This work addresses the challenge of generating dense, irregular interactive 3D tabletop scenes while avoiding physical collisions and violations commonly encountered in existing methods. The authors propose a human-like construction paradigm that leverages a Cognitive Topological Reasoning Chain (CTRC) to enable anchor-guided, sequential scene synthesis. To enhance physical plausibility, they introduce a Physics-Aware Denoising Alignment (PADA) mechanism. By integrating 3D axis-aligned bounding box (AABB) layouts, differentiable signed distance fields, test-time optimization, and end-to-end training, the method preserves semantic intent while significantly improving physical consistency. Experimental results demonstrate a 40% reduction in scene-level collision rates compared to human-annotated data, with both semantic accuracy and physical validity surpassing current state-of-the-art approaches.

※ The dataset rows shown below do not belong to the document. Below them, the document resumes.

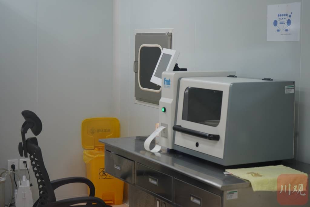 “风淋已启动……”记者看到,西南医科大学附属医院消化内科科研助理许欣欣打开粪菌移植治疗中心一扇独立卫生间的门,人刚站进去,就发出提示音。“这是无菌操作的第一步,清除人身上的尘埃粒子,可有效降低外部进入洁净区的污染。”许欣欣说。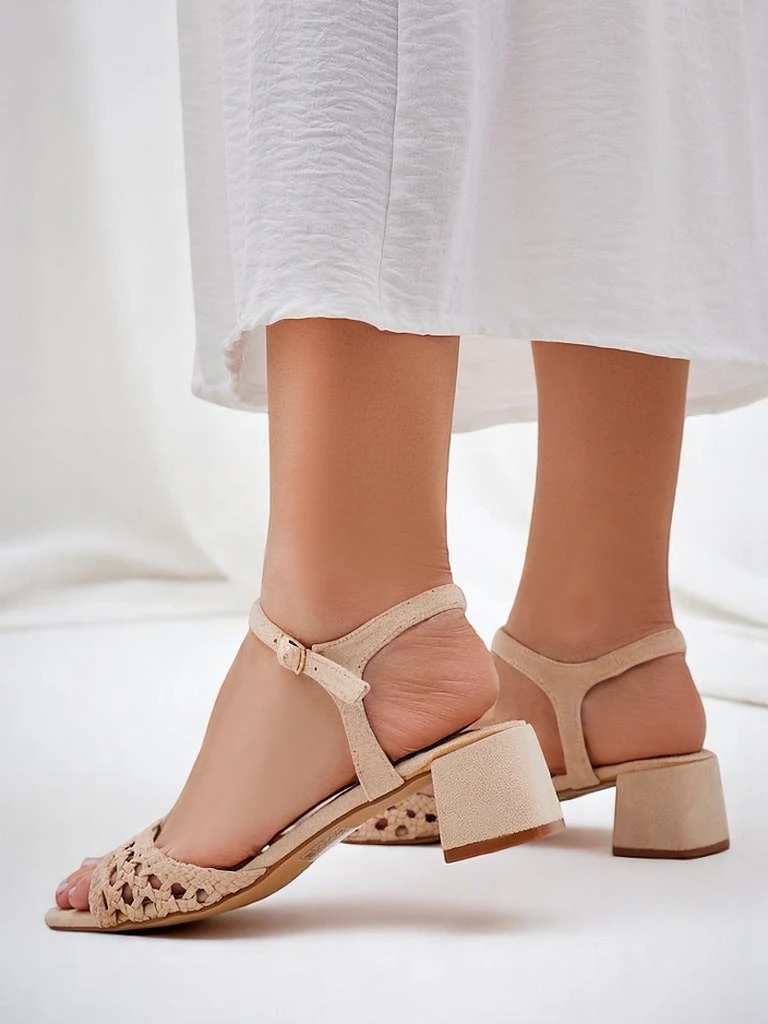 • Женски сандали с нисък ток - перфектната идея за горещите летни дни. Моделът е изработен от екологична велурена кожа и разполага с екологична кожена стелка. Обувките се закопчават с катарама. Комбинация от стил и комфорт!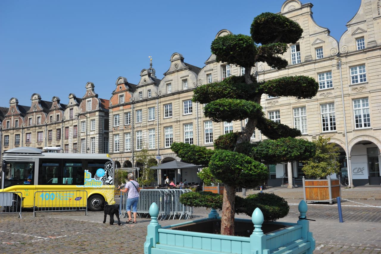Zwecks VE (s.o.) steuern wir Beauvais an. Die Station ist kaputt. Gleiches erfahren wir in Doullens. Also ab nach Arras, was wir sowieso einmal anschauen wollten. Stellplatz klasse, Stadt in so manchen Gassen etwas gewöhnungsbedürftig, die Grand Place und die Place de Heroes sind allerdings beeindruckend. Mittags werden hunderte Kaffeetischchen aufgestellt. Die von uns aufgesuchte "Patisserie" hat alles, nur kein Speiseeis. Endlich gibt es aber die ersehnten Pommes frites mit Chti-Sauce. Die kleine Portion für 3 € schaffen wir zu zweit nicht!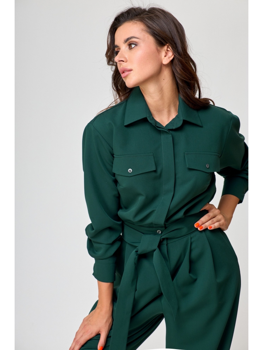 Комбинезон из костюмной ткани создает стильный образ как для каждого дня так и для выхода в свет. Комбинезон полуприлегающего силуэта, на передних частях обработаны нагрудные вытачки и клапаны, потайная застежка-планка на петли и пуговицы, спинка с кокеткой, по центру складка на свободу движения. Нижняя часть комбинезона выполнена на широком поясе, по переду заложены складки, застежка «гульфик». Обработаны боковые карманы, на задних частях обработаны талиевые вытачки и клапаны. Воротник рубашечного типа, на стойке. Рукава втачные, длинные, на притачной манжете, с застежкой на петли и пуговицы. В комплекте съемный пояс из основной ткани.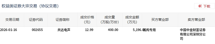 1月16日,共达电声大宗交易成交400万股,成交额5196万元,占当日总成交额的19.55%,成交价12.99元,较市场收盘价13.15元折价1.22%。

Generating physically consistent 3D tabletop scenes is a fundamental yet underexplored problem for interactive and generalist robotic learning. The challenge stems from dense object hierarchies and irregular affordances. Here, an interactive scene denotes a physically valid, collision-free environment directly loadable into physics simulators. Existing methods, ranging from decoupled symbolic solvers to end-to-end regression models, often suffer from error propagation or overfitting to noisy supervision containing widespread physical violations. To address these limitations, we introduce PhyScene3D, a framework that reformulates generation as a Human-Mimetic Constructive Process. The proposed Cognitive Topological Reasoning Chain (CTRC) factorizes scene synthesis into a sequential, anchor-conditioned process. It employs a 3D AABB-based placement scheme that imposes a strong structural inductive bias. To address imperfect supervision and physical infeasibility, we introduce Physics-Aware Denoising Alignment (PADA). It integrates a differentiable Signed Distance Field (SDF) with Test-Time Optimization (TTO) to project generated scenes onto a physics-feasible manifold while preserving semantic intent. Experiments demonstrate that PhyScene3D outperforms state-of-the-art approaches in both semantic accuracy and physical validity, achieving a 40% reduction in scene-wise collision rate relative to the human-annotated training data.